A Phase 3 trial looking at the use of Kisqali (ribociclib) to treat premenopausal or perimenopausal women with hormone-receptor positive, human epidermal growth factor receptor-2 negative (HR+/HER2-) advanced or metastatic breast cancer was found to significantly boost progression-free survival (PFS).

The trial saw Kisqali being used in combination with tamoxifen or an aromatase inhibitor, plus AZ’s Zoladex. This combination treatment was compared against the same regimen, except with a placebo standing in for Kisqali.

The findings revealed that women taking Kisqali, in combination, demonstrated a median PFS of 23.8 months. This showed a favourable profile against placebo treatment that only managed PFS of 13.0 months.

Overall response rate was found to be 51% in the Kisqali arm against 36% in the placebo group. There was also a clinically meaningful reduction in pain score after 8 weeks of treatment.

“We are pleased to see Kisqali combination therapy provide strong efficacy and prolonged quality of life with pain reduction in younger women, and look forward to working with health authorities to bring a new treatment option to premenopausal or perimenopausal women,” said Samit Hirawat, Head of Novartis Oncology Global Drug Development.

The study did not reveal whether the treatment had an impact on overall survival. However, the strong reaction in PFS is enough for Novartis to start applying for marketing authorisation for this further indication.

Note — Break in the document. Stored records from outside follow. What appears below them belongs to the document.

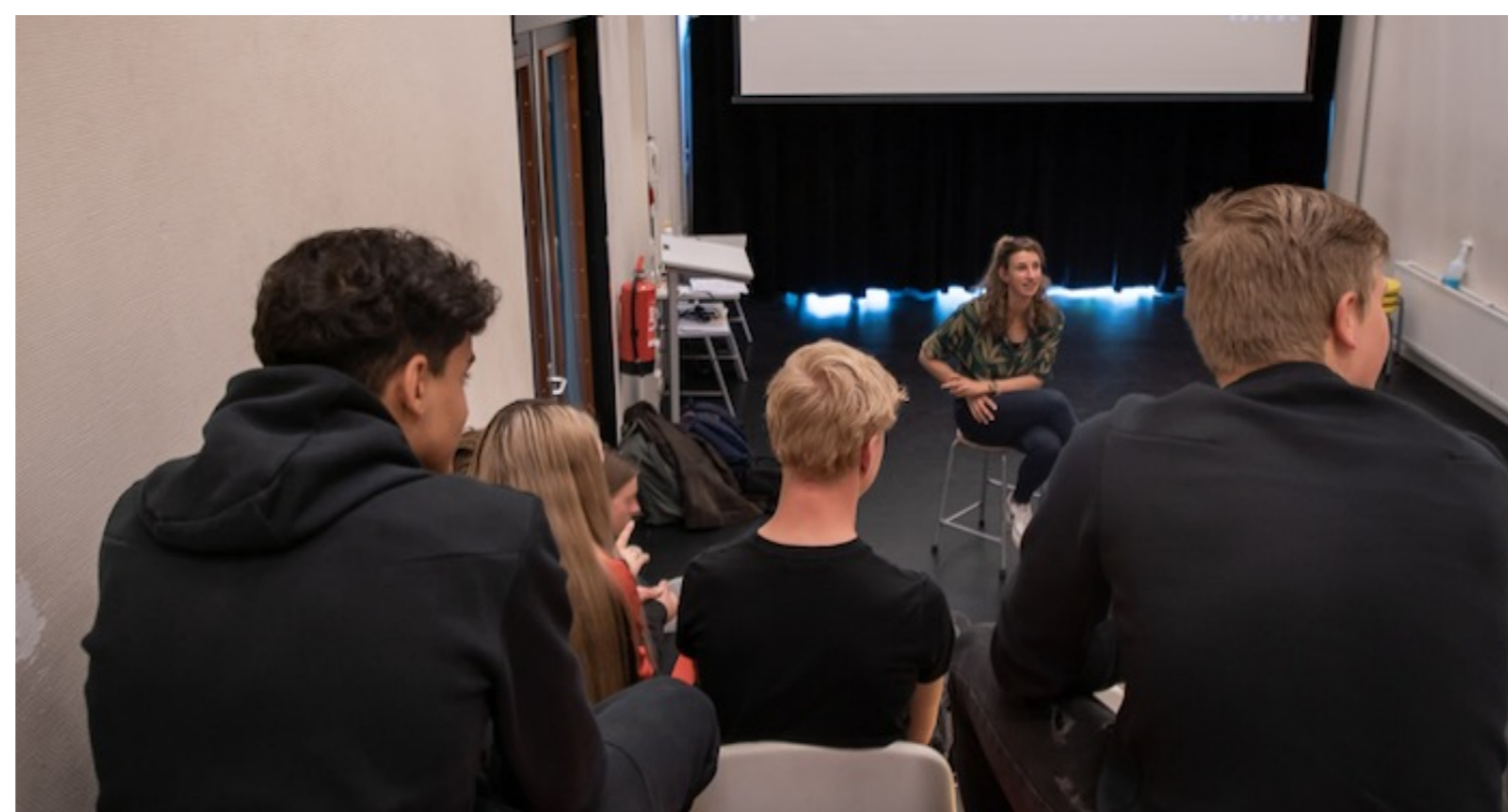
Kijkje in klas bij les De Vloer op Jr.

Werk je met HUMAN Educatie-lesmateriaal en lijkt het jou leuk als we een kijkje nemen in jouw klas om andere onderwijsprofessionals te inspireren? Stuur dan een mailtje naar educatie@human.nl .
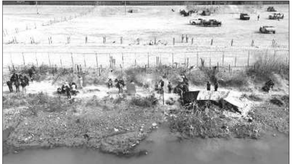
▲ Los migrantes que lograron ingresar al territorio estadounidense tenían la intención de entregarse a la Patrulla Fronteriza para pedir asilo, pero fueron regresados a México.

Aparte en declaraciones públicas, la gobernadora panista de Chihuahua, María Eugenia Campos Galván, ofreció colaboración con Texas y con el gobernador Gregg Abbot, tras la entrada en vigor de la Ley SB4.
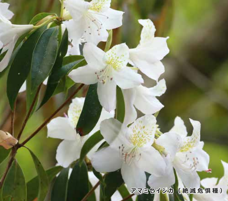
アマミセイシカ（絶滅危惧種）
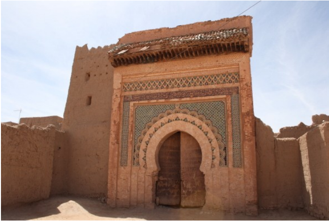
puis de l'ancien palais royal,
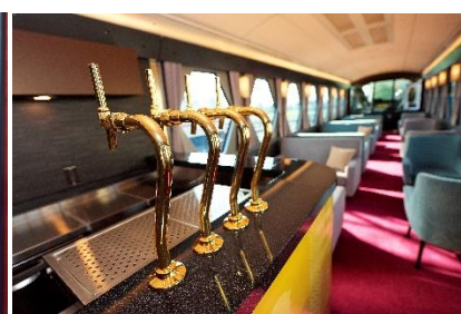
△カフェカウンター
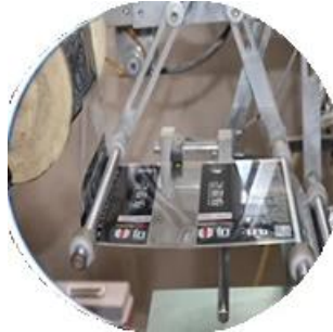
آلة مغلفة بالفليم
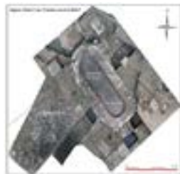
Orthophotographie de l'ensemble hydraulique vidé entièrement, Cliché et D.A.O. R. Pansiot, Eveha
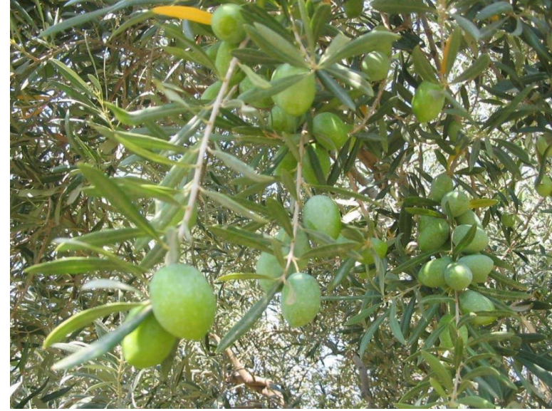
Aydın Yamalak sarısı (2021 – Menşe türünde)
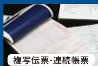
複写伝票・連続帳票
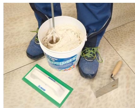
Obě složky spolu velmi dobře promícháme vrtáčkou s míchacím nástavcem (nastavte nízké otáčky).
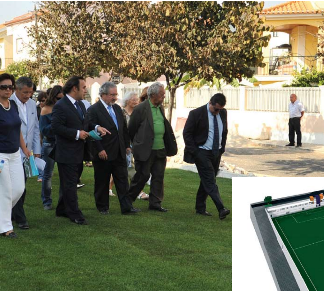
A Câmara Municipal investiu 120 mil euros nos arranjos exteriores do Pavilhão do Clube Desportivo e Recreativo dos Leões de Porto Salvo
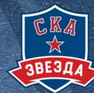
СКА-Звезда 300 детей
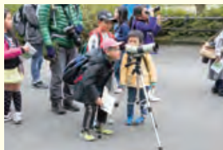
野鳥を探しながら散策しました
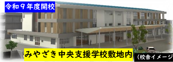
みやざき中央支援学校敷地内
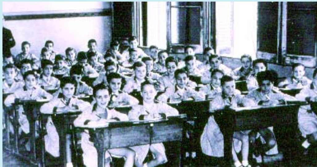
Una de les fotografies de l'exposició.

“Un segle d'escola a Barcelona. L'acció municipal i popular” es pot visitar al pati de la seu del Districte fins al 15 de febrer
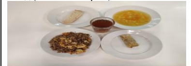
Бесплатное питание (12 лет и старше)

Should it receive the nod on this count, it would greatly expand the number of patients eligible to receive treatment.

The trial included 670 women who ranged from 23 to 58 years in age, opening up treatment eligibility beyond the post-menopausal approval it achieved just last month in by NICE.

The approval for this indication came as the first approval that NICE had made through its new process, which sees the body make its recommendation within 90 days of marketing authorisation through the European Commission.